▶ What is being asked
Please tally how many lines of the material below include the word "BEAN", giving only the number.

▶ Source data

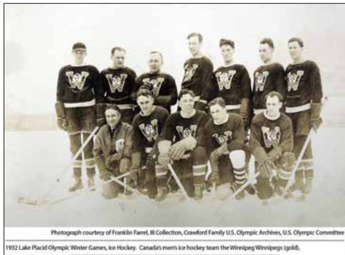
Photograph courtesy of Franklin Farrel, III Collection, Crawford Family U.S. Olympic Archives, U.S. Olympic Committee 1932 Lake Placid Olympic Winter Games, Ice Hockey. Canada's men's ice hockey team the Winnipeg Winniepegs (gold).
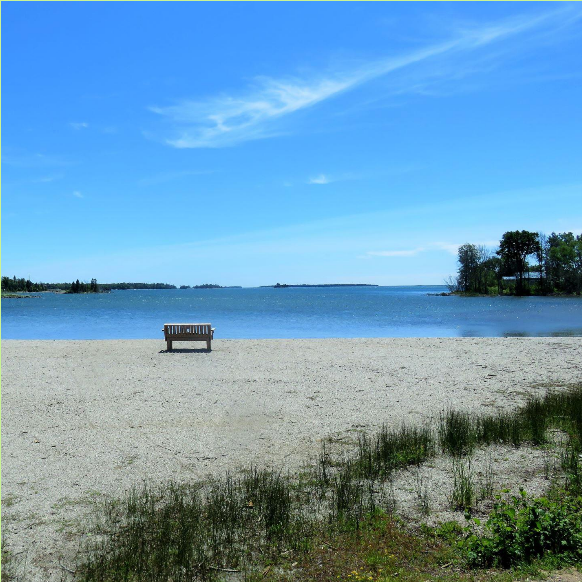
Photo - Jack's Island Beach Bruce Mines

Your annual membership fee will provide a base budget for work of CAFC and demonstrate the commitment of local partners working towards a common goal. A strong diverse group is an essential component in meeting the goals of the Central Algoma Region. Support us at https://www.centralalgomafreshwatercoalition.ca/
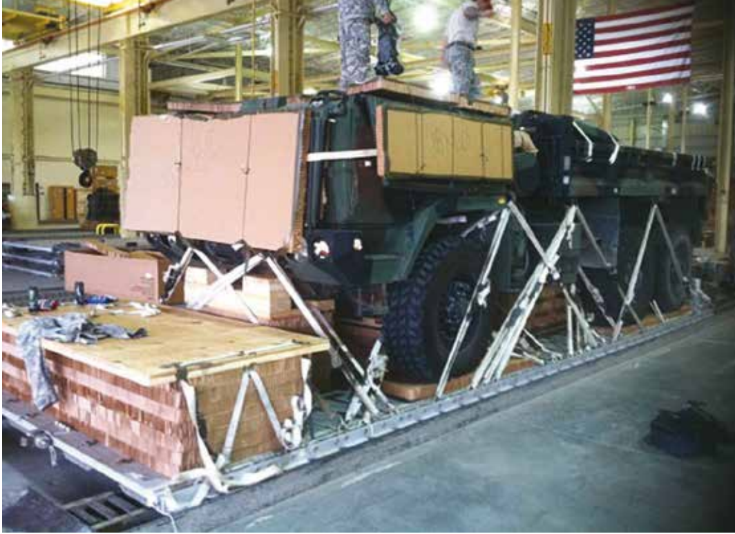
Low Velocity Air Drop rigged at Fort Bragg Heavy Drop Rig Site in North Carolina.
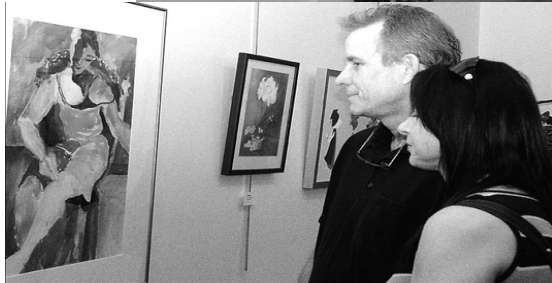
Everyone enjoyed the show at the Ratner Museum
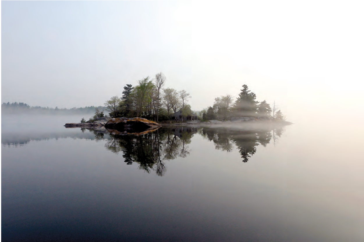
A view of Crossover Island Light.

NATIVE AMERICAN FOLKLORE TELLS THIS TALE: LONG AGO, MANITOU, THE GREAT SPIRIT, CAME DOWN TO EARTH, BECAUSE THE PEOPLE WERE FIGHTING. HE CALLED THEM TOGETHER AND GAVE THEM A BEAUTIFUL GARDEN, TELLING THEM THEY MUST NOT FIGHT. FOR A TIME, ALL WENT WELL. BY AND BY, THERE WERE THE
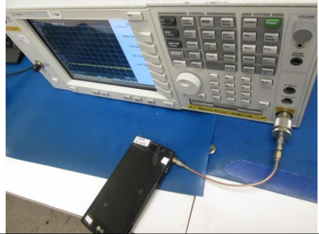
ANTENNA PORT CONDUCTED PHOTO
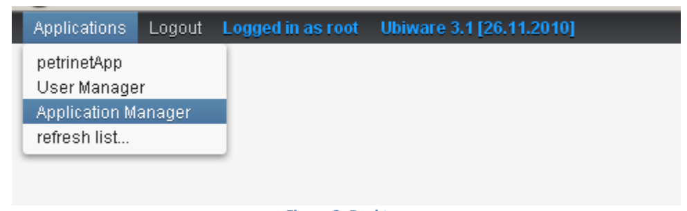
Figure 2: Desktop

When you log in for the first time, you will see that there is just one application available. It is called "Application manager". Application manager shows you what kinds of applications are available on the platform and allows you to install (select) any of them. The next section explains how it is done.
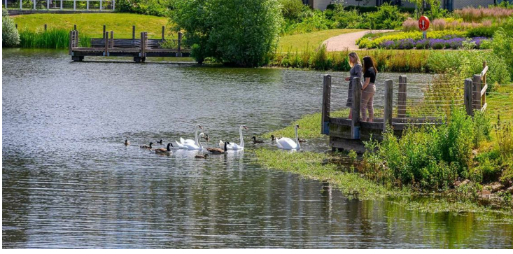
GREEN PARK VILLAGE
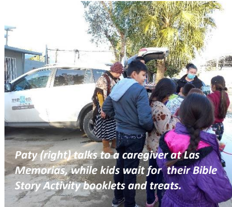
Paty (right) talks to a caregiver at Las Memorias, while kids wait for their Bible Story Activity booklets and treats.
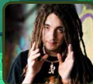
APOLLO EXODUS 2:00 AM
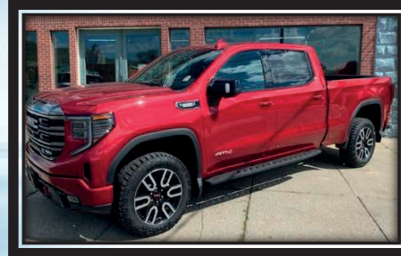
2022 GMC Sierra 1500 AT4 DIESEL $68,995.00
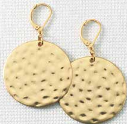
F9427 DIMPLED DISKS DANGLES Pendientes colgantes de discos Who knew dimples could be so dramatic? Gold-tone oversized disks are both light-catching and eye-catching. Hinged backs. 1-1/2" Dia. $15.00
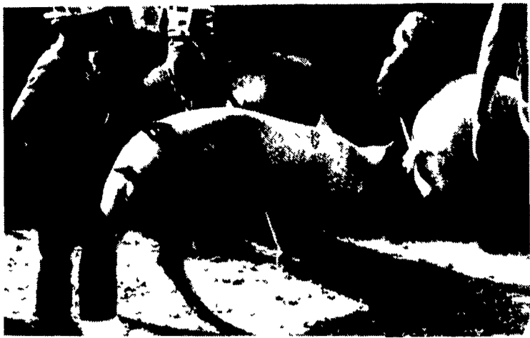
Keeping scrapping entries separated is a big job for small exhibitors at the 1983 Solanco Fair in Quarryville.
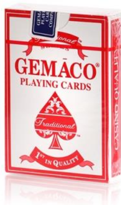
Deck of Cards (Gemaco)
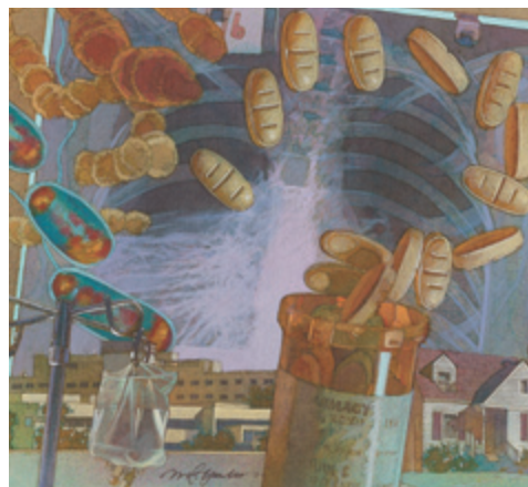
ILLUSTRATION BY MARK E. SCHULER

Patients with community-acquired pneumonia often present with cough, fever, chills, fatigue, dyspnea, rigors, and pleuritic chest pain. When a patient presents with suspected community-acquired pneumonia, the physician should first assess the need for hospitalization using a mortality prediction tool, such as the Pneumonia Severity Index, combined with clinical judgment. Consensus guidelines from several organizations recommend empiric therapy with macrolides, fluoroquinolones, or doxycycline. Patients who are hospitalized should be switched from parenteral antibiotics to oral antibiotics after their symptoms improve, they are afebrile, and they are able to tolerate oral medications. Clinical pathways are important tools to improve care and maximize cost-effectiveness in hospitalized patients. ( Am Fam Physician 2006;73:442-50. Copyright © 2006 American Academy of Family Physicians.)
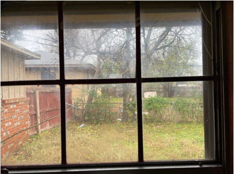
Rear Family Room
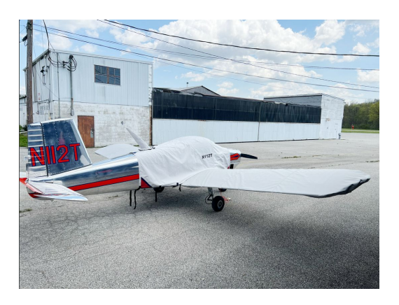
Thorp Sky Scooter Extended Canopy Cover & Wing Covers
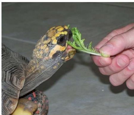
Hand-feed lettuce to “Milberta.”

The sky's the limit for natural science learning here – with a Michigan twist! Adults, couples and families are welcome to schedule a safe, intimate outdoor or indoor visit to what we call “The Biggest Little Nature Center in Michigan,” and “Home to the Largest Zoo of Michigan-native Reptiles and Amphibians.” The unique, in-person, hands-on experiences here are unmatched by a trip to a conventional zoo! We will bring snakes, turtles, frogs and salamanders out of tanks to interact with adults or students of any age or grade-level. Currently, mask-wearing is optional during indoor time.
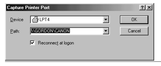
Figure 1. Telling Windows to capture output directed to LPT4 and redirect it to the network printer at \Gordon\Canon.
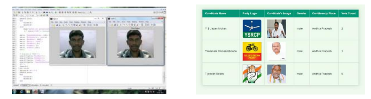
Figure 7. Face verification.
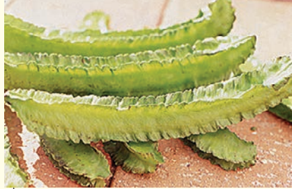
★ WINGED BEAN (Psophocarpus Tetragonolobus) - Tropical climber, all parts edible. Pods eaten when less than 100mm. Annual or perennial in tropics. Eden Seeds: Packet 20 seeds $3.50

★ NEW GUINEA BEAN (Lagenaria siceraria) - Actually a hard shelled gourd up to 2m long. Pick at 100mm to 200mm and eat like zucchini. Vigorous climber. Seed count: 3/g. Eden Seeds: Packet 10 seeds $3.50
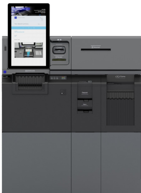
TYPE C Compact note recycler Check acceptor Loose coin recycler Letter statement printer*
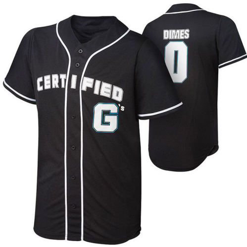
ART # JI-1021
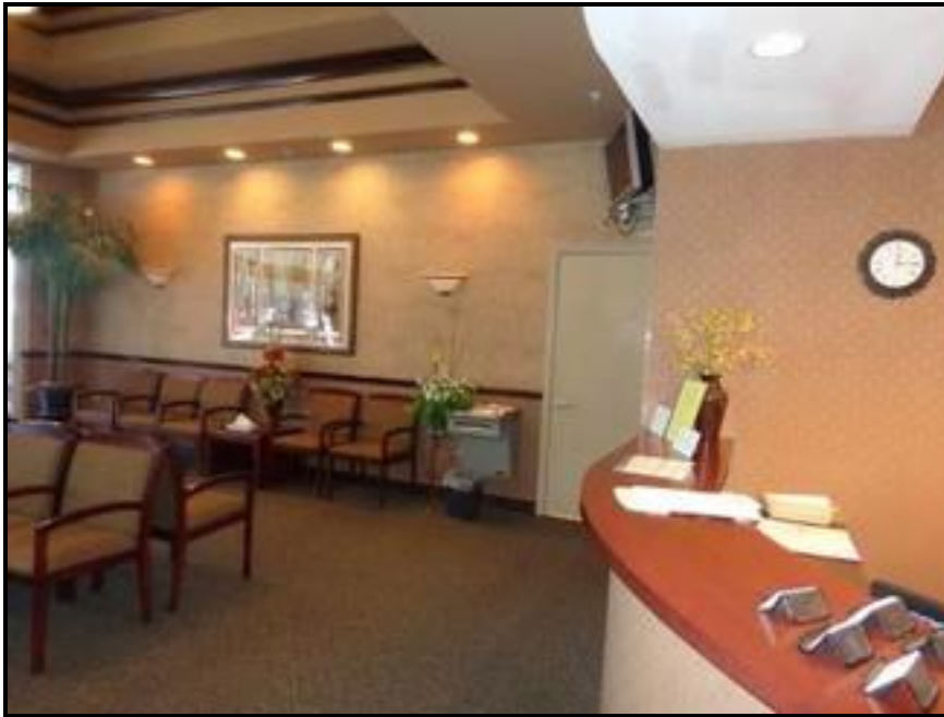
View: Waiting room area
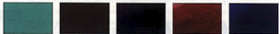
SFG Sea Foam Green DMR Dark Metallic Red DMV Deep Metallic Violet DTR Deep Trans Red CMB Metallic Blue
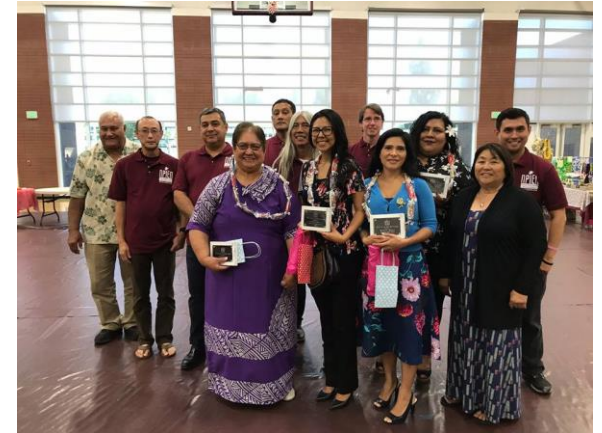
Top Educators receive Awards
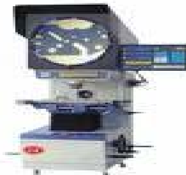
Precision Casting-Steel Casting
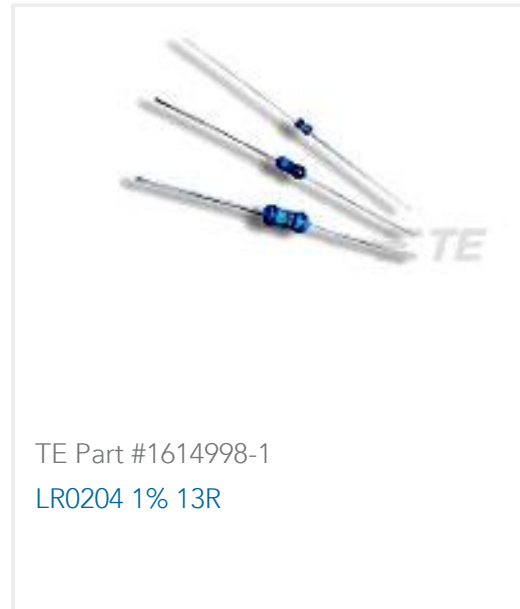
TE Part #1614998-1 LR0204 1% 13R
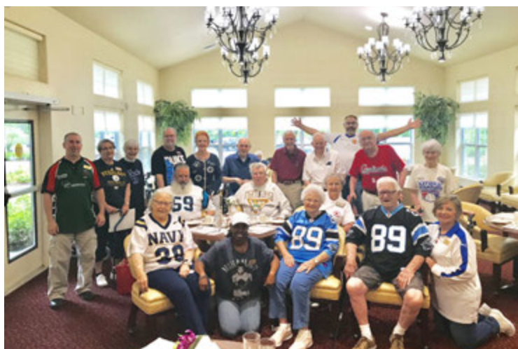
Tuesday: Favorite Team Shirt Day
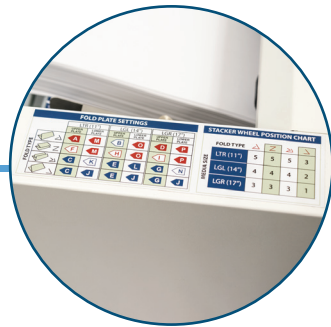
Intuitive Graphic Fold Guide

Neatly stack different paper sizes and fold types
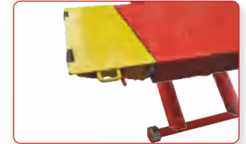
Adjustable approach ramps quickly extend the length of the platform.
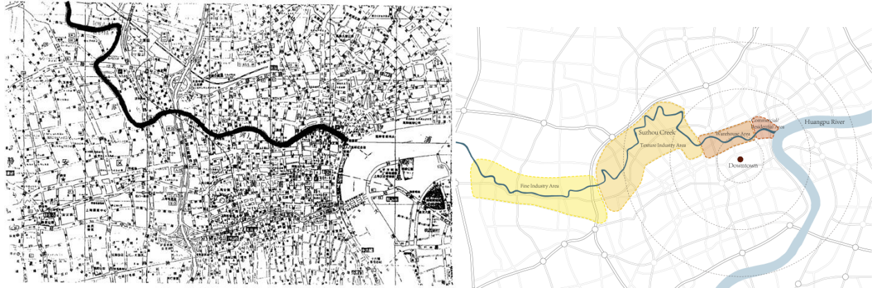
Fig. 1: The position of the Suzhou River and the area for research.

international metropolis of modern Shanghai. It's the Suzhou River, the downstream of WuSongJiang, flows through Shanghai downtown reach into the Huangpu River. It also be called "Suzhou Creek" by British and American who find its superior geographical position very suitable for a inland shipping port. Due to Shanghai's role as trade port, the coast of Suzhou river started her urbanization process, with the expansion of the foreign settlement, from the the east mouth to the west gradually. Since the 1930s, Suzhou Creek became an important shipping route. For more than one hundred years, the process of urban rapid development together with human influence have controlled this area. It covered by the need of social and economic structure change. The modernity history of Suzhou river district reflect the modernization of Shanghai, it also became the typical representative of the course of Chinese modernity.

▶ Output of the exercise
2